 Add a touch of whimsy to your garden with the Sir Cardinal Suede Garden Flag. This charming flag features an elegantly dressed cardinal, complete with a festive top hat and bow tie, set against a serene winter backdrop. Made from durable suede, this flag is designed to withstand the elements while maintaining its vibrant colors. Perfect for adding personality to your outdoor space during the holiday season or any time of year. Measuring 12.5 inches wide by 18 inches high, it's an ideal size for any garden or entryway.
.....
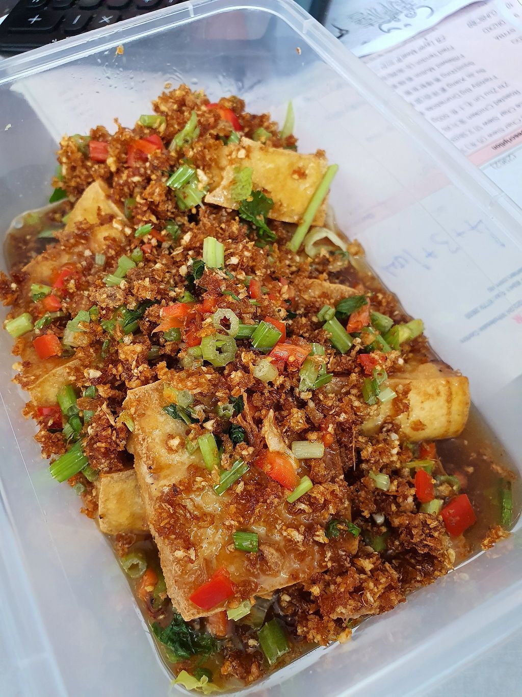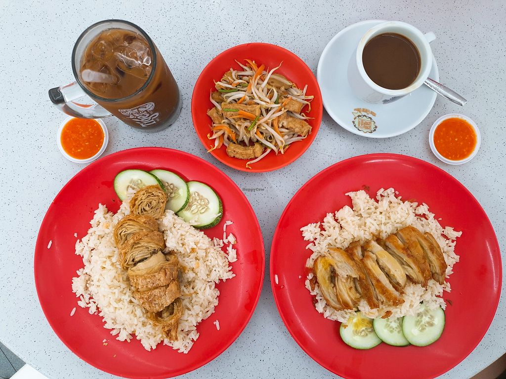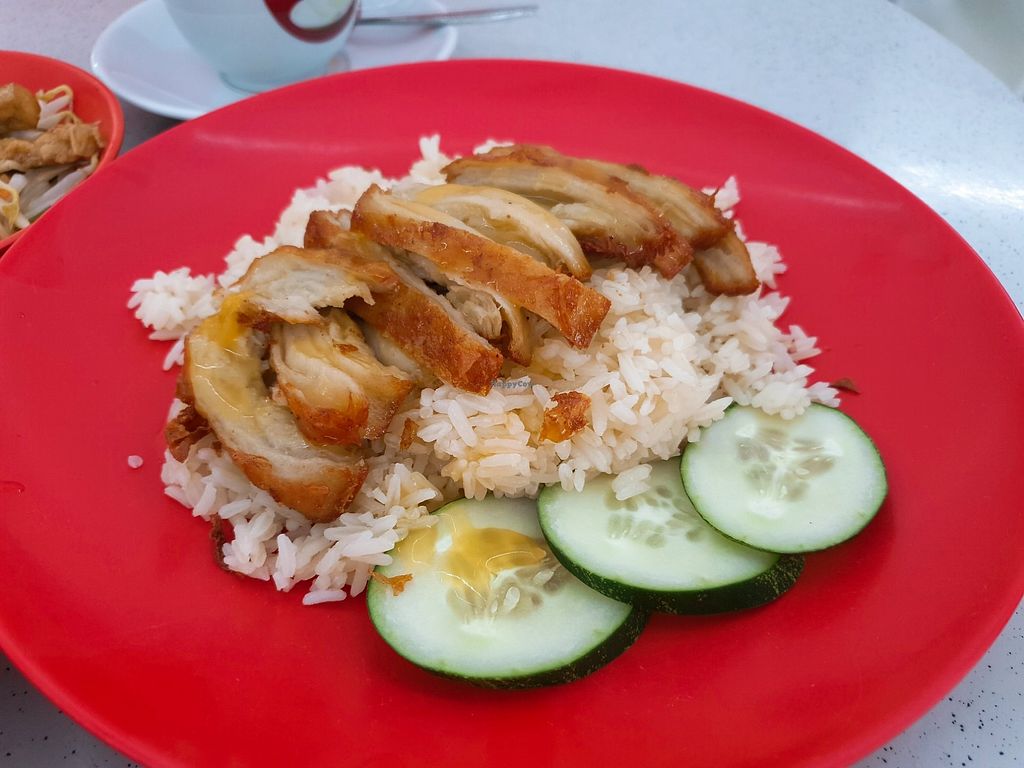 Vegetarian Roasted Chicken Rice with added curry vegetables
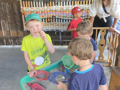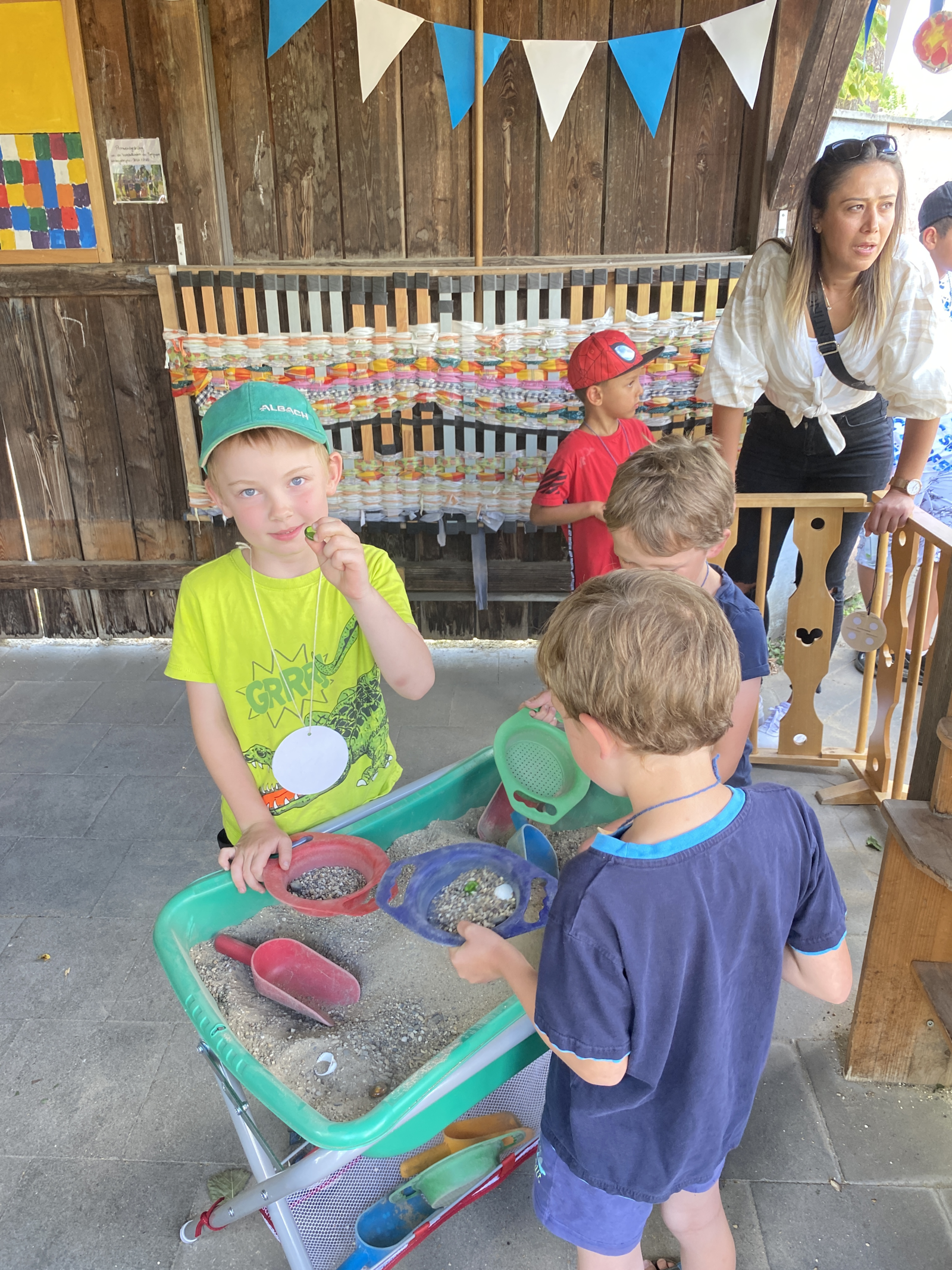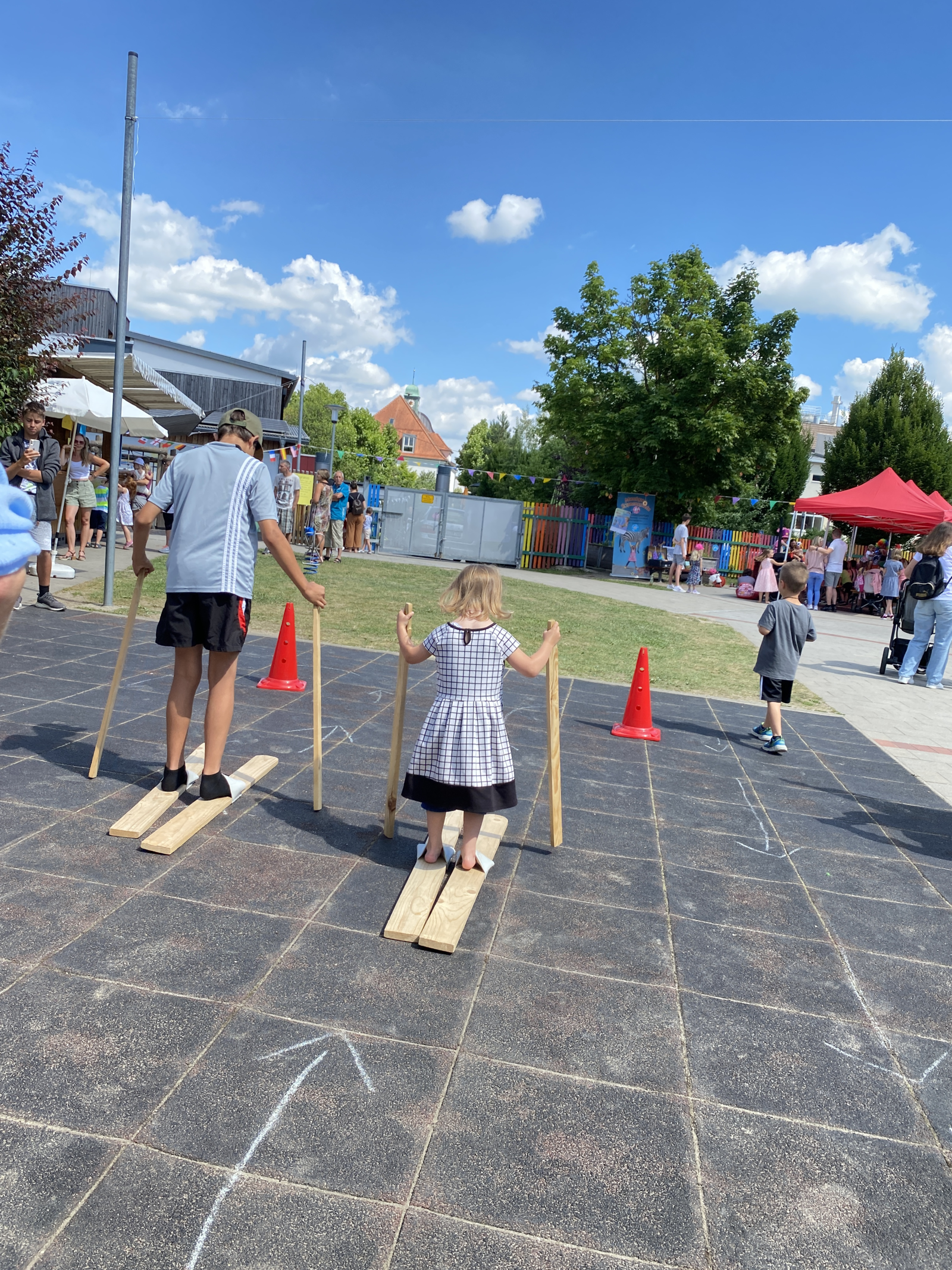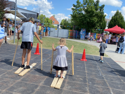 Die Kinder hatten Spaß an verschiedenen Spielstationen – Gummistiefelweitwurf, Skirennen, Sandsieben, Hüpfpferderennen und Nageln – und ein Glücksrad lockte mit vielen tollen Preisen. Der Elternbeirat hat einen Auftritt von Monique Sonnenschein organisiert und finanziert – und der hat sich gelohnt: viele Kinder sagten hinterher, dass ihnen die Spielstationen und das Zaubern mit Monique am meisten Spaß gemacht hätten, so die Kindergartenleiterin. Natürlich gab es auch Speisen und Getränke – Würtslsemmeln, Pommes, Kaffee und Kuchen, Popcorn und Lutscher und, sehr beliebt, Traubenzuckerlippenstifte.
.....
## [What you will do]
Among the entries above, locate the line with "Vegetarian Roasted Chicken" and the line with "Die Kinder hatten". Give those two lines and all lines between them again, exactly, leaving out the pictures.

## [Exercise output]
 Vegetarian Roasted Chicken Rice with added curry vegetables
 Die Kinder hatten Spaß an verschiedenen Spielstationen – Gummistiefelweitwurf, Skirennen, Sandsieben, Hüpfpferderennen und Nageln – und ein Glücksrad lockte mit vielen tollen Preisen. Der Elternbeirat hat einen Auftritt von Monique Sonnenschein organisiert und finanziert – und der hat sich gelohnt: viele Kinder sagten hinterher, dass ihnen die Spielstationen und das Zaubern mit Monique am meisten Spaß gemacht hätten, so die Kindergartenleiterin. Natürlich gab es auch Speisen und Getränke – Würtslsemmeln, Pommes, Kaffee und Kuchen, Popcorn und Lutscher und, sehr beliebt, Traubenzuckerlippenstifte.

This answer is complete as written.